Citigroup Global Markets Inc.

Credit Suisse Securities (USA) LLC

Goldman, Sachs & Co.

Greenwich Capital Markets, Inc.

As Representatives of the

several Underwriters named

in Schedule I hereto

c/o Citigroup Global Markets Inc.

388 Greenwich Street

New York, New York 10013

Credit Suisse Securities (USA) LLC

Eleven Madison Avenue

New York, New York 10010

Goldman, Sachs & Co.

85 Broad Street

New York, New York 10004

Greenwich Capital Markets, Inc.

600 Steamboat Road

Greenwich, Connecticut 06830

Ladies and Gentlemen:

WAL-MART STORES, INC., a Delaware corporation (the “Company”), proposes, subject to the terms and conditions stated herein and in the Underwriting Agreement, dated April 8, 2008 (the “Underwriting Agreement”), between the Company, on the one hand, and you, as parties which are signatories or deemed to be signatories to the Underwriting Agreement, on the other hand, to issue and sell to the Underwriters named in Schedule I hereto (the “Underwriters”) the Securities specified in Schedule II hereto (the “Designated Securities”).
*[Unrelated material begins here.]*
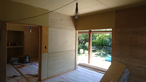 耐震壁となる部分には構造用の合板が張られています。その手前、耐震壁以外の部分は安く柔らかい(加工しやすい)石膏ボードを使用しています。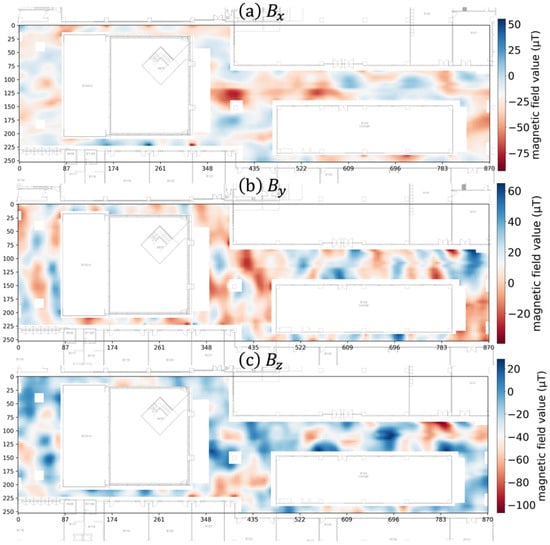 Three-dimensional magnetic field map of the Hana Square testbed. The map shows the collected magnetic field vector components interpolated at 10 cm grid intervals: (a) x dimension (), (b) y dimension (), and (c) z dimension ().

Each of the provisions of the Underwriting Agreement is incorporated herein by reference in its entirety, and shall be deemed to be a part of this Pricing Agreement to the same extent as if such provisions were set forth in full herein; and each of the representations and warranties set forth therein shall be deemed to have been made at and as of the date of this Pricing Agreement (it being understood that each representation and warranty in Section 2 of the

 


Underwriting Agreement that refers to the Pricing Prospectus or the Prospectus shall be deemed to be a representation or warranty as of the date of this Pricing Agreement in relation to the Pricing Prospectus or the Prospectus relating to the Designated Securities). Each reference to the Representatives herein and in the provisions of the Underwriting Agreement so incorporated by reference shall be deemed to refer to the Representatives named in Schedule II hereto (the “Representatives”). Unless otherwise defined herein, terms defined in the Underwriting Agreement are used herein as therein defined.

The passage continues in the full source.